→ **Given data**
---
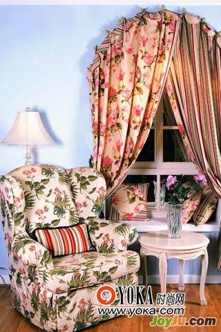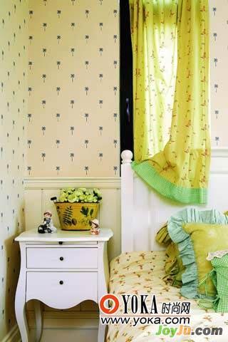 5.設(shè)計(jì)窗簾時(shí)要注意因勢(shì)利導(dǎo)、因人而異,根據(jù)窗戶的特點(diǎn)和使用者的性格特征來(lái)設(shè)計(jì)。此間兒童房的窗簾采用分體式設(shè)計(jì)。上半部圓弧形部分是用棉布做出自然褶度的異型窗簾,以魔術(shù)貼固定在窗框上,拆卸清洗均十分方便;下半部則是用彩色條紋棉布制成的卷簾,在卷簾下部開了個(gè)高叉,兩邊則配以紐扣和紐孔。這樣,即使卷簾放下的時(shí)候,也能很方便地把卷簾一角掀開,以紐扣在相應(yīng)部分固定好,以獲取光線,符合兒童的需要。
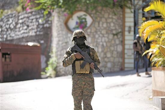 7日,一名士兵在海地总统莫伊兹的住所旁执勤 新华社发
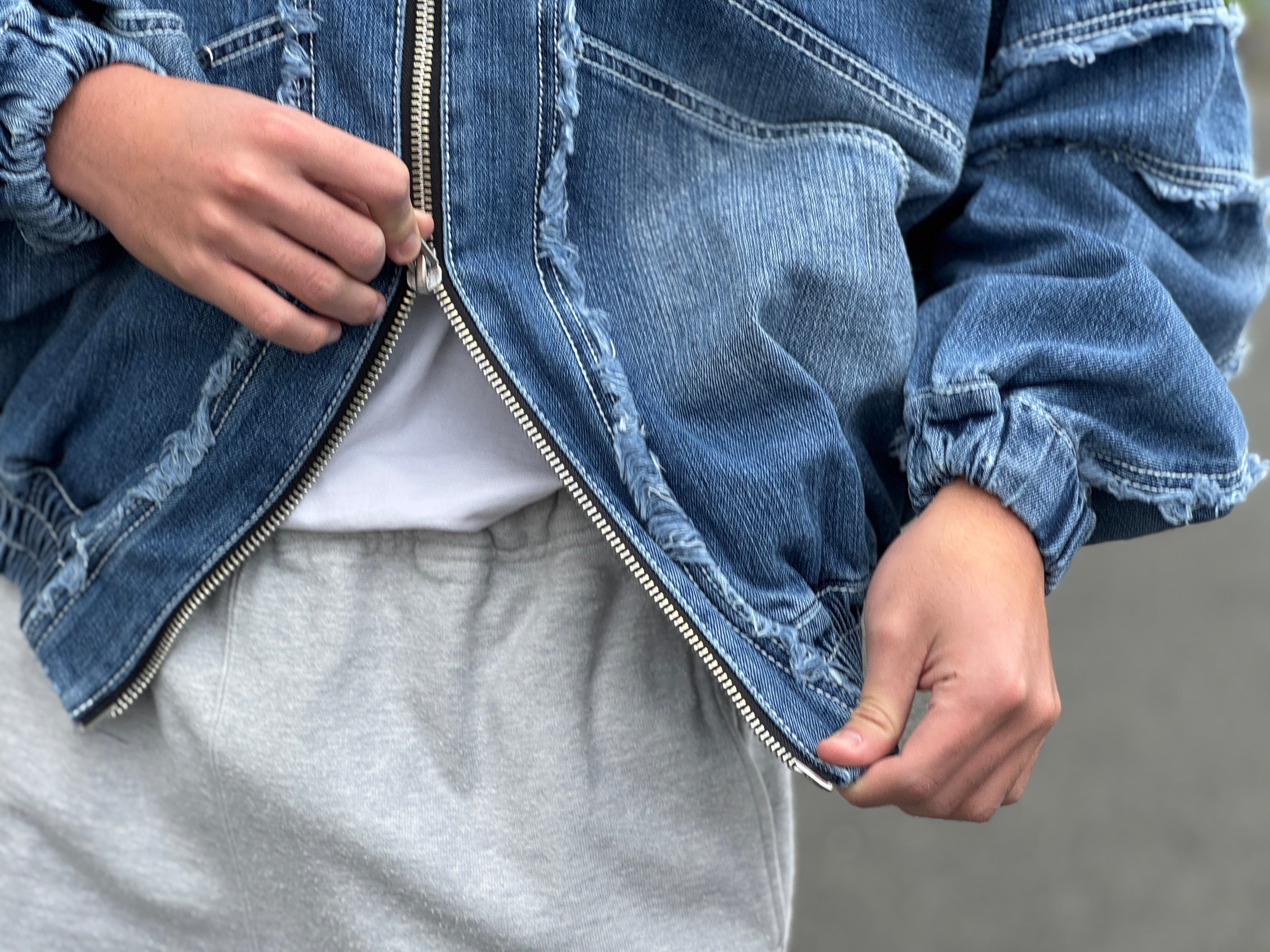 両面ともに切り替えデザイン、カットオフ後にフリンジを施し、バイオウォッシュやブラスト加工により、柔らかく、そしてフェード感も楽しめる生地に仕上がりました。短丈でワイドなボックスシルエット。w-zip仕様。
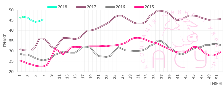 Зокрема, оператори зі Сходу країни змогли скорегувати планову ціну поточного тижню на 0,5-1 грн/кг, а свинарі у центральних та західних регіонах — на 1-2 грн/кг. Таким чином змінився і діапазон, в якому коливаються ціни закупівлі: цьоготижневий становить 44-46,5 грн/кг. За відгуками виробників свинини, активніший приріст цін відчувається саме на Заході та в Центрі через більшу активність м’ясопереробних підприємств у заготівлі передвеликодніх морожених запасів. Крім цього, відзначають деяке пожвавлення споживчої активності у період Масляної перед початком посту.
---
→ **Your task**
The reply has to reproduce every line above verbatim and contain no pictures.

→ **Expected answer**
 5.設(shè)計(jì)窗簾時(shí)要注意因勢(shì)利導(dǎo)、因人而異,根據(jù)窗戶的特點(diǎn)和使用者的性格特征來(lái)設(shè)計(jì)。此間兒童房的窗簾采用分體式設(shè)計(jì)。上半部圓弧形部分是用棉布做出自然褶度的異型窗簾,以魔術(shù)貼固定在窗框上,拆卸清洗均十分方便;下半部則是用彩色條紋棉布制成的卷簾,在卷簾下部開了個(gè)高叉,兩邊則配以紐扣和紐孔。這樣,即使卷簾放下的時(shí)候,也能很方便地把卷簾一角掀開,以紐扣在相應(yīng)部分固定好,以獲取光線,符合兒童的需要。
 7日,一名士兵在海地总统莫伊兹的住所旁执勤 新华社发
 両面ともに切り替えデザイン、カットオフ後にフリンジを施し、バイオウォッシュやブラスト加工により、柔らかく、そしてフェード感も楽しめる生地に仕上がりました。短丈でワイドなボックスシルエット。w-zip仕様。
 Зокрема, оператори зі Сходу країни змогли скорегувати планову ціну поточного тижню на 0,5-1 грн/кг, а свинарі у центральних та західних регіонах — на 1-2 грн/кг. Таким чином змінився і діапазон, в якому коливаються ціни закупівлі: цьоготижневий становить 44-46,5 грн/кг. За відгуками виробників свинини, активніший приріст цін відчувається саме на Заході та в Центрі через більшу активність м’ясопереробних підприємств у заготівлі передвеликодніх морожених запасів. Крім цього, відзначають деяке пожвавлення споживчої активності у період Масляної перед початком посту.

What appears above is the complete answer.